Daily Herald File Photo The new cell phone policy in the Saskatchewan Rivers School Division has been going well.

When the province introduced new cell phone use policies before the new school year, Saskatchewan school divisions had a short window to enact policies.

Cell phones will not be permitted during class time across K-12 schools in Saskatchewan starting in the 2024-25 school year. Because of the announcement by the province the Saskatchewan Rivers School Division completed changes to administration policy governing technology use. The changes were part of the consent agenda and passed by the board during their regular meeting on Monday.

Sask. Rivers Superintendent Garrette Tebay said that at the division level the changes seem to be going well.

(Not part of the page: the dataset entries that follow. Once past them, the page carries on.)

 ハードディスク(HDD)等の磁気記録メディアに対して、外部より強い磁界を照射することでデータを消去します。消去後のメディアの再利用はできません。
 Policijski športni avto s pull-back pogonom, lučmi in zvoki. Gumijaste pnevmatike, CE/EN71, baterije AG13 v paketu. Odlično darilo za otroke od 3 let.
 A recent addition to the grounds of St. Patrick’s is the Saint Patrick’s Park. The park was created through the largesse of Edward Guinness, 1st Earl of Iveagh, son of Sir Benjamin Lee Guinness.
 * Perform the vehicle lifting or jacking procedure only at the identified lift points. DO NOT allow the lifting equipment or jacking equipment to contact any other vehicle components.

“All of our schools have taken the policy and created systems that work for their school in their local context without going past those non-negotiables that are written in policy,” Tebay said.

These new measures apply to all Kindergarten to Grade 12 schools in the province. In Grades 9 to 12, teachers can seek an exemption from administration to allow cell phone use by students during class when needed for a specific instructional purpose.

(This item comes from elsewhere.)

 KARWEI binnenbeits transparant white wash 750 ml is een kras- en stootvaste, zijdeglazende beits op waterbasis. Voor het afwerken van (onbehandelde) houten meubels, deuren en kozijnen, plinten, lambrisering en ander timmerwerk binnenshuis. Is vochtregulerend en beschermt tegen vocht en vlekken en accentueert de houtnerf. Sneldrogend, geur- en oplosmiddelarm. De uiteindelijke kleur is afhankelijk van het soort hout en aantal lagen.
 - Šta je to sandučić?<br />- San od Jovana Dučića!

According to Tebay, students can already use devices if appropriate and approved by administration.

“Teachers can ask for an exemption for a certain activity or a certain reason and they can do that through their principal or individual students can work through an exemption process as well as part of our inclusive education program,” Tebay said.

“If we have a student that has relied on a personal device to be their communication device for several years, we’re not going to take that away from them,” she added.

Tebay said the major change to the administrative procedure was the demand that instructional time remain a space where distractions like cell phones are removed.

“Every school kind of had a different approach to it,” she explained. “Often every classroom had different approaches to it based on how teachers used technology as part of their instructional practice and so this has now just created the same expectation across the board.”

Tebay explained that any time you change something for adolescents and teenagers, they will have questions and frustrations, particularly when it comes to something like technology use.

“Youth use technology in very different ways than we did growing up and so those initial frustrations were definitely there, but as we work through those our hope as a division—as I assume is the hope of the province—is that instruction is going to improve because of kids being able to give their full attention to their learning.”

Tebay said it is all part of changing routines. For example, students have to put their cell phones into storage during class time and pick them up after before going to the next class.

“Our students still have the opportunity to check their phones at breaks and lunchtime,” Tebay said. “They’ve got the opportunity to be on their phones after school, so it’s just a matter of changing their practice and adjusting to that new routine.”